The Hilliard Ensemble's recording, from the 1980s, is the only competition, and it combines voices and instruments, too. As Peter Wollny explains in his informative liner notes, the elderly Schütz offered the Opus ultimum to his Dresden employer in 1671, at the end of a distinguished career, by which point his music had become outdated. Never published, the work survived only by haphazard, rediscovered at the turn of the 20th century in a forgotten manuscript in a small Polish church's archive. In 1930, a continuo part for the motets turned up, which allowed the reconstruction of the two missing partbooks. Looking backward stylistically, Schütz returns to the Venetian polychoral style, composing for two balanced four-part choirs. He did recommend in his instructions that a complement of instruments could perform with the singers. In this recording, there are three singers on each part (two choirs of twelve singers each), whom Herreweghe occasionally reduces to one on a part to provide textural variety. Here it is mostly the continuo instruments that play along (organ, lute, and viol), with occasional doubling contributions by one cornetto and three trombones from the superb Concerto Palatino.

Heinrich Schütz
Heinrich Schütz (1585-1672)
Why did Schütz choose Psalm 118? As Joshua Rifkin has shown, Schütz planned his own funeral and chose to have Psalm 118's 54th verse as the motto of the eulogy: carmina erant mihi praecepta tua in domo peregrinationis meae (Your laws have been songs for me in the house of my wandering). Schütz was a Protestant, and he was the Kapellmeister in Dresden before that court reverted to Catholicism. However, at least from his time in Venice, studying with Gabrieli and later with Monteverdi, he must have been familiar with the Divine Office. The singing of Psalm 118, broken up into several sections, each with a different antiphon and psalm tone and its own statement of the Doxology, is suspiciously Catholic, even if the text is in German. In his Regula (Chapter 18), St. Benedict specified that Psalm 118 was to be broken up into sections and sung over the course of the Little Hours (the brief services of Prime, Tierce, Sext, and None) on Sundays and Mondays. Schütz has the first verse of each psalm and the first half of the doxology sung in a Gregorian psalm tone. He even uses the Gregorian psalm tone as a cantus firmus occasionally (for example, in the end of the doxology of the eighth motet).
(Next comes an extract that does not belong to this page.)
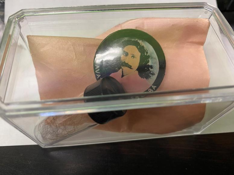 1. SN 12 Button touched by Baba, given by Mehera 1975. The button is inside a little Chanel No5 box. Also in the box is a small plastic bag containing some of Baba’s hair.

All throughout his life, Schütz was pioneering ways to adapt the innovations of Italian Catholic church music to a Protestant setting. The "appendix" of the Opus ultimum adds a setting of Psalm 99 (Jubilate Domino omnis terra), apparently performed as early as 1665, and the German text of the Magnificat. This magnificent recording is now the gold standard performance of his last work of genius.